Referring to FIG. 2, there is shown a simple latch 9 having the characteristic of allowing data 13 to flow through the latch 9 whenever the clock input 11 is in the "open" state. Generally, for a simple transparent latch 9, the latch 9 is held open when the clock signal 11 is high and the data 13 is latched when the clock signal 11 goes low. The operation of the typical flow through latch 9 is shown by the timing chart of FIG. 2A. Note that a simple flow through latch 9 cannot be used to send data 13 back to itself (as in the master-slave flip flop example above), due to the data "racing" during the time period when the clock is held open. In this case, when the clock is open, the data would circulate continuously independent of the clock signal.
Referring to FIG. 3, there is shown a logic circuit including two master- slave flip flops 10 and 12 coupled by a delay 14. The Q output of input master-slave flip flop 10 is coupled through the delay 14 to the D input of destination master slave flip flop 12. The arrangement illustrates the clocking of data through two typical master-slave flip flops. The master slave flip flops 10 and 12 further include a source clock input 16 and a destination clock input 18, respectively. The clock inputs 16, 18 are from a single clock source and therefore have an approximately equal timing as shown in the timing chart of FIG. 3.
It can be seen from FIGS. 3 and 3A that the following master-slave flip flop equations can be derived:
MIN DLY≧S+T.sub.hld -T.sub.pd (min) Eq. (1)
MAX DLY≦CYCLE-S-T.sub.su -T.sub.pd (max) Eq. (2)
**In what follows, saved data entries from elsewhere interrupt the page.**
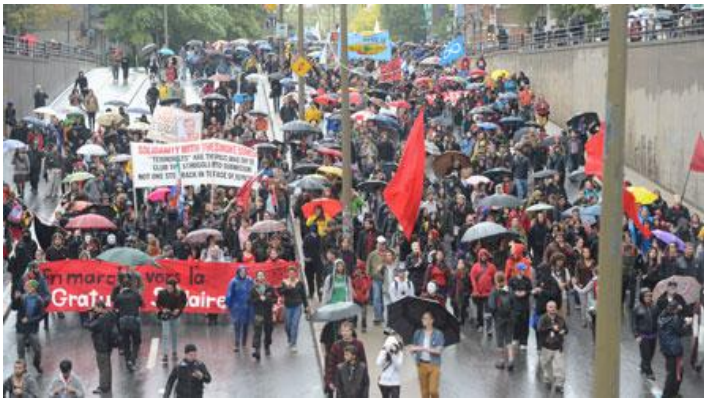
(Joël Lemay, Agence QMI)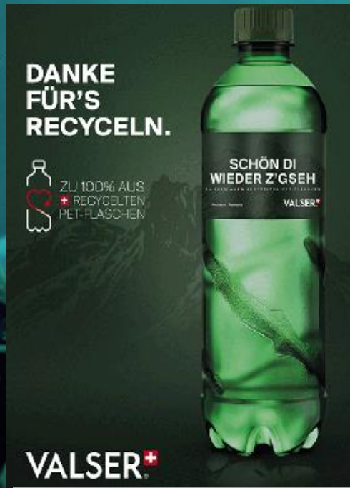
100% rPET BOTTLE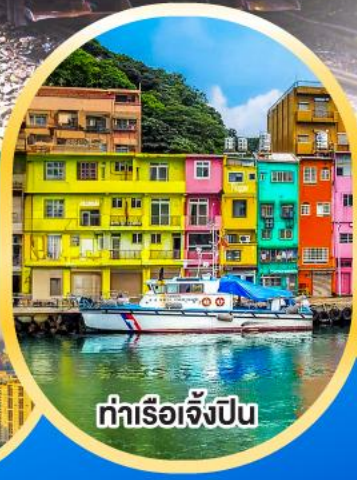
ท่าเรือเจิ้งปิน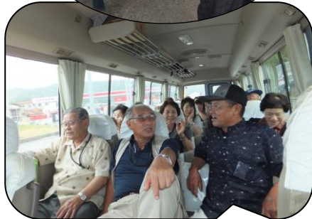
外はあいにくの雨でも、バスの中は明るい笑い声が一杯でした。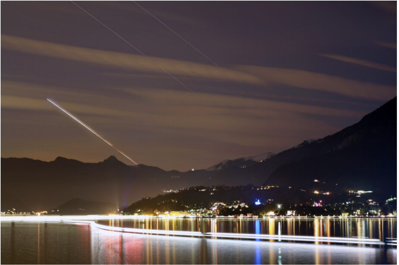
Star-trails congiunzione Giove e Saturno – 22/12/2020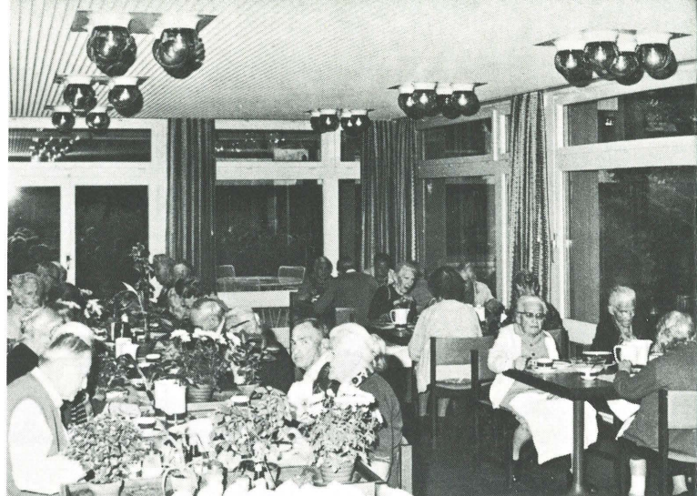
Eine gute Küche und eine lockere Atmosphäre fördern das Wohlbefinden der Betagten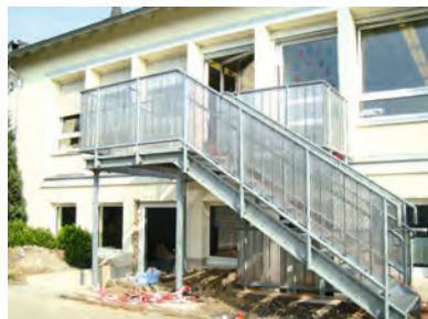
Links: Der neue Haupteingang in St. Aposteln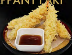
208. EBI TEMPURA 5PZ € 10,00 tempura di gamberi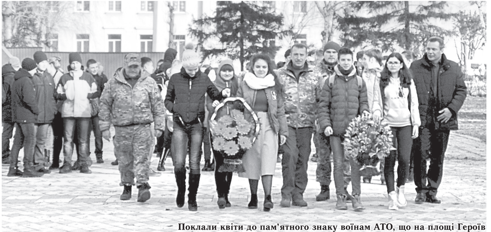
Поклали квіти до пам'ятного знаку воїнам АТО, що на площі Героїв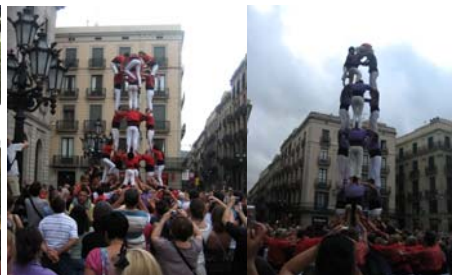
2 lag tävlade i höjd - 7 personer högt!

Promenaden fortsatte längs hela Ramblan, som är den stora huvudgatan. Över 1 km lång och med ett brett mittstråk för de gående. Här finns mängder med olika stånd där man säljer djur, blommor, tavlor och souvenirer samt barer, uppträdanden, gatuförsäljare och folk, folk, folk. Baksidan på medaljen är förstås att allt är väldigt dyrt runt turiststråken. Men ett härligt folkliv som bäst studeras från en stol på någon av alla uteserveringarna. Just denna dag såg vi många som var klädda i rött & gult och viftade med vimplar. Det var en historisk dag med premiär för professionell rugby, Super League, i Spanien! Denna första match gick mellan hemmalaget Catalan Dragons och engelska Warrington Wolfes, vars supportrar gjorde ett gott försök att synas i Barcelona. Hur det gick? Matchen slutade 24-12 till Warrington.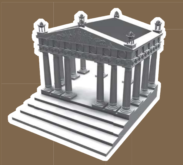
Reconstitution d'un temple grec sur l'esplanade Delayen pour accueillir la Flamme Olympique

Afin de célébrer le passage de la Flamme Olympique, le 10 mai 2024, Saint-Raphaël va remonter le temps et se transformer en une cité de la Grèce antique.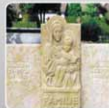
mit Finalit behandelt

Finalit Komplett-Steinpflege GmbH | Friedhofstr. 67 | 4600 Wels | Tel.: 07242/688 71 | Fax: 07242/677 71-17 | office.wels@finalit.com | www.finalit.com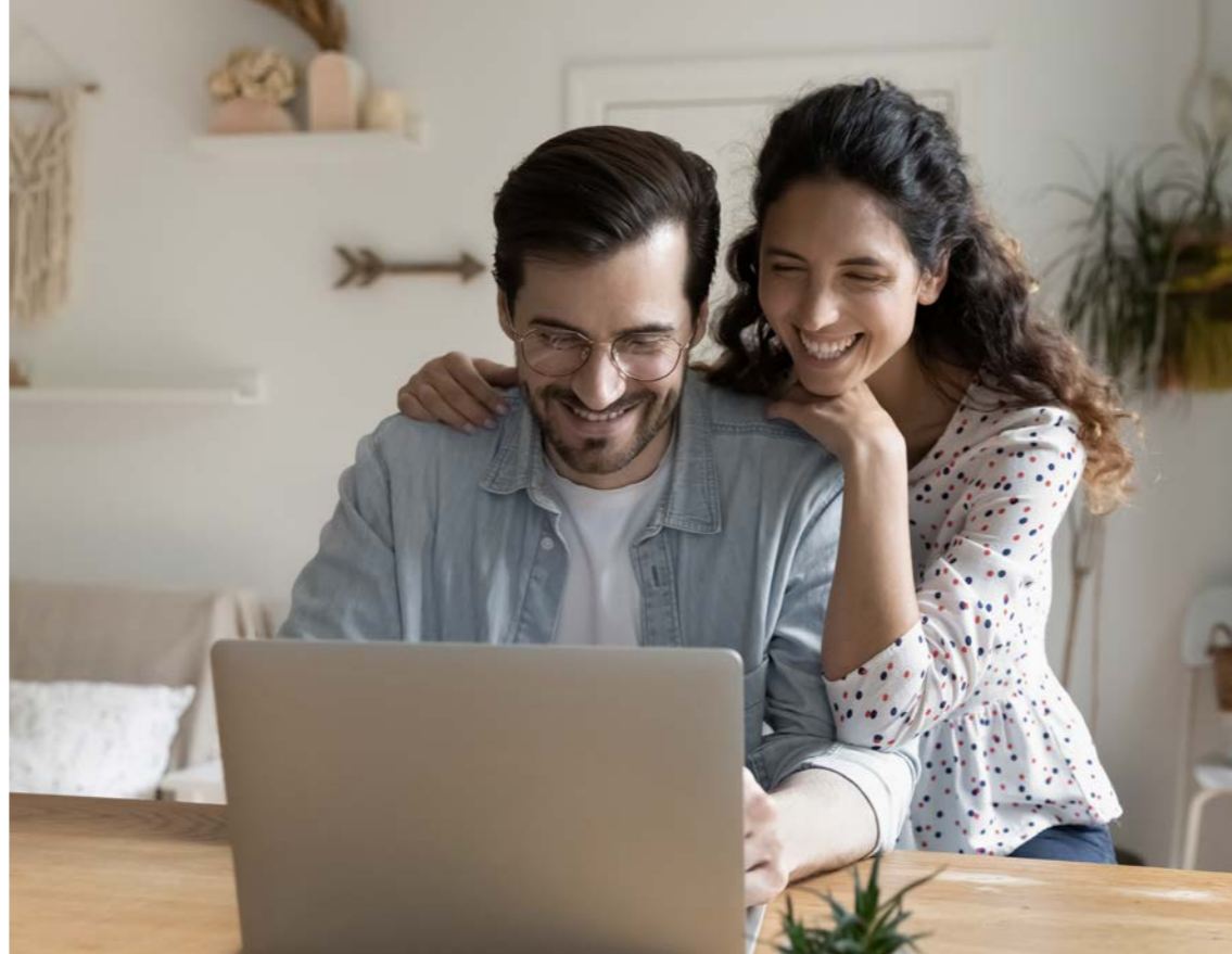
Chi ha realizzato il sogno di una casa di proprietà, può ritenersi fortunato

Il consulente bancario sa bene qual è la combinazione migliore e, insieme al cliente, analizza la sua situazione personale ed elabora piani di risparmio su misura. Prima si inizia, più è facile costruire un patrimonio. La Cassa Raiffeisen offre consulenza anche in materia di contributi e assicurazioni e, in particolare presso quella di Brunico, è disponibile un servizio specializzato in materia di famiglia e successione. "La banca ha una grande responsabilità nei confronti del cliente", sottolinea Pichler, "e per questo è importante dire no alle richieste di finanziamento non sostenibili". Più alto è il coefficiente di capitale proprio e la capacità di rimborso, maggiore è il prestito che può essere concesso e prima il sogno di un'abitazione di proprietà può realizzarsi. /ma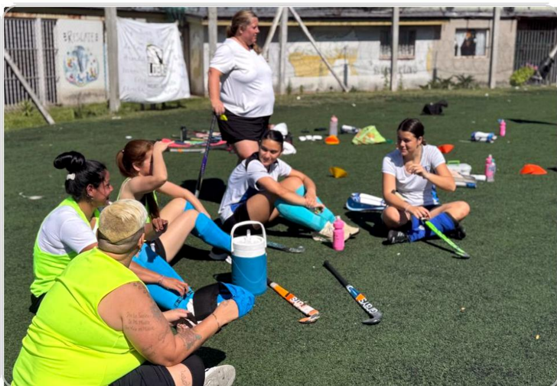
Foto 25. Intercambio posterior al partido con equipo visitante.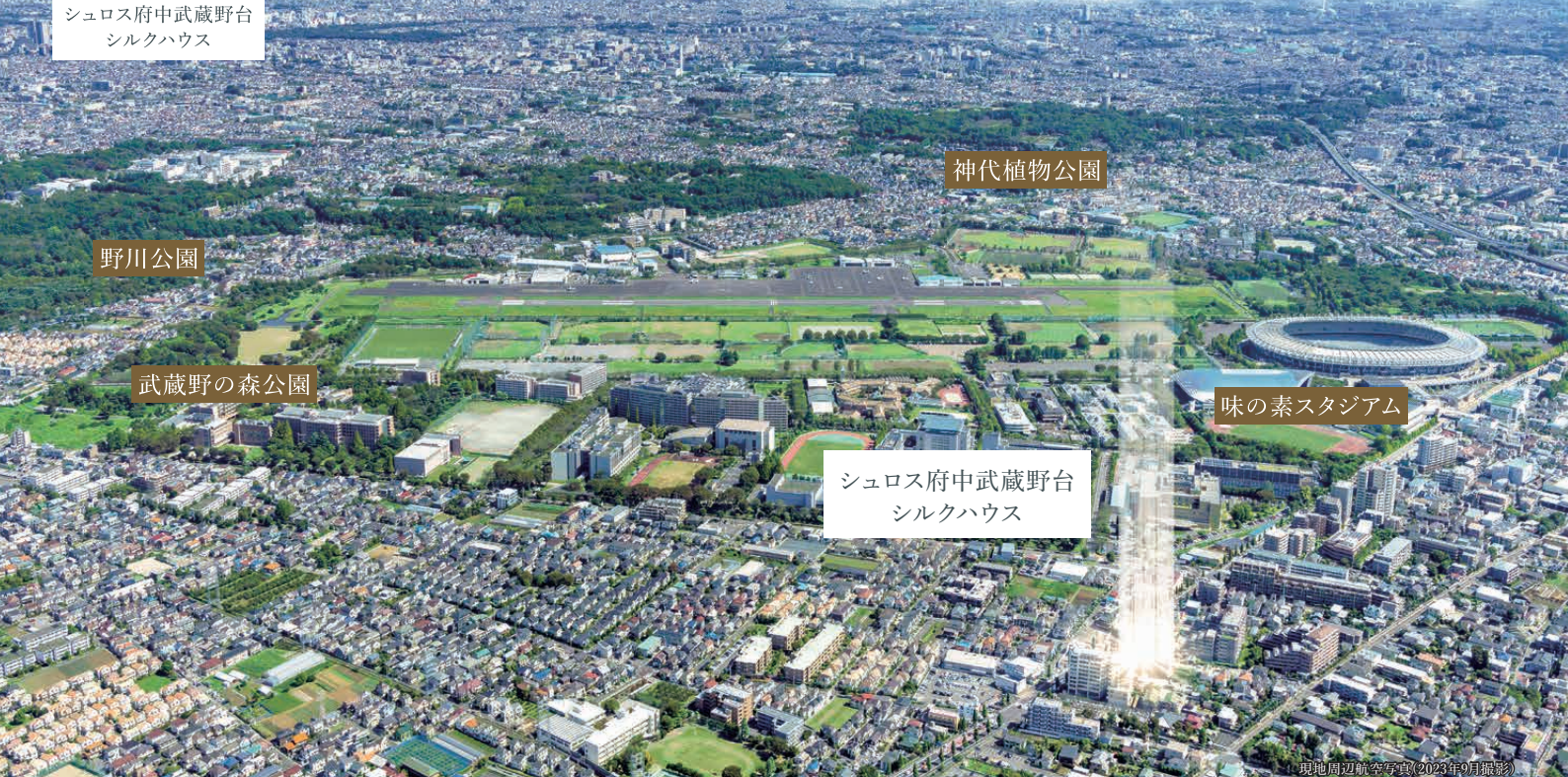
現地周辺航空写真(2023年9月撮影)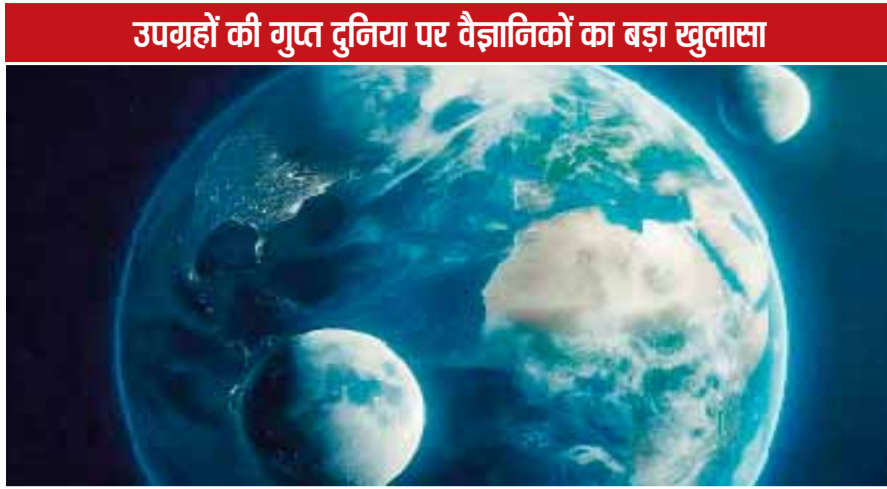
उपग्रहों की गुप्त दुनिया पर वैज्ञानिकों का बड़ा खुलासा

The required minimum delay MIN DLY necessary to insure a race-free transfer between the two master- slave flip flops 10, 12 is greater than or equal to the clock skew S between the source clock 16 and a destination clock 18 plus the "clock to data hold" time Thld for the destination master-slave flip flop 12 minus the minimum propagation delay Tpd(min) through the master slave flip flop 10 as shown by Eq. (1). The maximum delay MAX DLY allowed between the two master-slave flip flops is less than or equal to the CYCLE time minus the clock skew S minus the "data to clock set up" time Tsu for the destination master-slave flip flop 12 minus the maximum propagation delay Tpd (max) through the flip flop 10 as shown by Eq. (2).
Referring to FIG. 4, there is shown flow through latches 30 and 32 coupled together via a delay DLY 34. The Q output of input latch 30 is coupled via the delay 34 to the D input of destination latch 32. Further, the Q output of latch 32 is fed back through delay 40 into the D input of latch 30. Also, a source clock signal 36 and a destination clock signal 38 are fed to the clock inputs of latches 30 and 32, respectively. The timing of the source clock signal 36 and the destination clock signal 38 is shown in FIG. 4A. It is noted that for the flow through latches 30 and 32, the data is latched on the falling edge of the clock signal and the latch is opened on the rising edge of the clock signal. Each of the latches 30, 32 can be made to operate as a master-slave flip flop as will be shown below.
The minimum delay MIN DLY and maximum delay MAX DLY for the latch circuit operation is illustrated in FIG. 4A and described in equations 3 and 4.
MIN DLY≧W+S+T.sub.hld -T.sub.pd (min) Eq. (3)
MAX DLY≦CYCLE-S-T.sub.su -T.sub.pd (max)+W Eq. (4)
The MIN DLY is greater than or equal to the width W of clock pulse corresponding to the time the latch is open, plus the clock skew S plus the "clock to data hold" time Thld for the destination latch 32 minus the minimum propagation delay Tpd (min) through the latch 30 as shown by Eq. (3). The MAX DLY is less than or equal to the CYCLE time minus the clock skew S minus the "clock to data set up" time Tsu for the destination latch 32 minus the maximum L propagation delay Tpd (max) through the latch 30 plus the width W of the clock pulse as shown by Eq. (4).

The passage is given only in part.